As we know, the variance of a random variable X following Bernoulli distribution should be:

\[ Var(X) = p(1-p) \]

Thus, we have

\[ Var(\hat{p}) = Var(\overline{X_N}) = Var(\frac{X_1+X_2+...+X_N}{N})\\=\frac{1}{N^2}\sum_{i=1}^{N}Var(X_i) = \frac{1}{N^2}*Np(1-p)=\frac{p(1-p)}{N} \]

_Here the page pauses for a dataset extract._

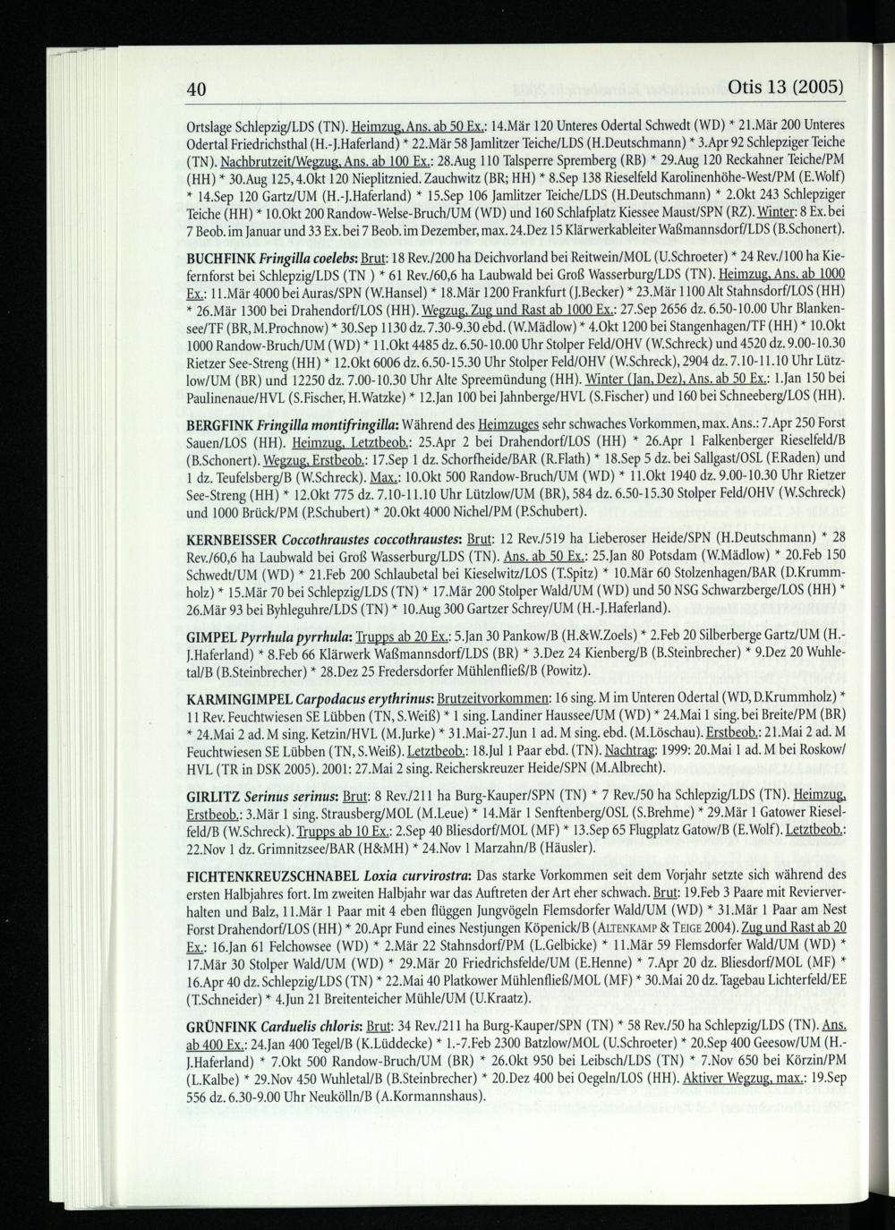 BUCHFINK Fringilla coelebs: Brut: 18 Rev./200 ha Deichvorland bei Reitwein/MOL (U.Schroeter)* 24 Rev./100 ha Kie­fernforst bei Schlepzig/LDS (TN)* 61 Rev./60,6 ha Laubwald bei Groß Wasserburg/LDS (TN). Heimzug, Ans. ab 1000 Ex.: 11.Mär 4000 bei Auras/SPN (W.Hansel)* 18.Mär 1200 Frankfurt (J.Becker)* 23.Mär 1100 Alt Stahnsdorf/LOS(HH) * 26.Mär 1300 bei Drahendorf/LOS(HH). Wegzug, Zug und Rast ab 1000 Ex.: 27.Sep 2656 dz. 6.50-10.00 Uhr Blanken­ see/TF (BR , M.Prochnow)* 30.Sep 1130 dz. 7.30-9.30 ebd.(W.Mädlow)* 4.Okt 1200 bei Stangenhagen/TF (HH )* 10.Okt 1000 Randow-Bruch/UM(WD)* 11.Okt 4485 dz. 6.50-10.00 Uhr Stolper Feld/OHV (W.Schreck) und 4520 dz. 9.00-10.30 Rietzer See-Streng(HH )* 12.Okt 6006 dz. 6.50-15.30 Uhr Stolper Feld/OHV (W.Schreck), 2904 dz. 7.10-11.10 Uhr Lütz­low/UM(BR ) und 12250 dz. 7.00-10.30 Uhr Alte Spreemündung(HH). Winter(Jan, Dez), Ans. ab 50 Ex.: 1.Jan 150 bei Paulinenaue/HVL (S.Fischer , H.Watzke)* 12.Jan 100 bei Jahnberge/HVL (S.Fischer ) und 160 bei Schneeberg/LOS (HH).

Thus, the standard deviation should be

\[ Std(\hat{p}) = \sqrt{\frac{p(1-p)}{N}} \]

4.5.1.3 iii

Following the same logic in (ii), we have

\[ Var(\hat{q}) =\frac{q(1-q)}{M} \]

Because all variables are independent, Cov(p_hat,q_hat)=0). Thus, we have

\[ Var(\hat{\triangle})= Var((\hat{p}-\hat{q})=Var(\hat{p})+Var(\hat{q}) = \frac{p(1-p)}{N}+\frac{q(1-q)}{M} \]

Therefore, we have

\[ Std(\hat{\triangle}) = \sqrt{\frac{p(1-p)}{N}+\frac{q(1-q)}{M}} \]

4.5.2 Part B

The expected value of this estimator should be

\[ E(\hat{\triangle}) = E(\overline{X_N}-\overline{Y_M})=E(\overline{X_N})-E(\overline{Y_M})\\ =E(\frac{\sum_{i=1}^{N} X_i}{N})-E(\frac{\sum_{i=1}^{M} Y_i}{M})=\mu_X-\mu_Y \]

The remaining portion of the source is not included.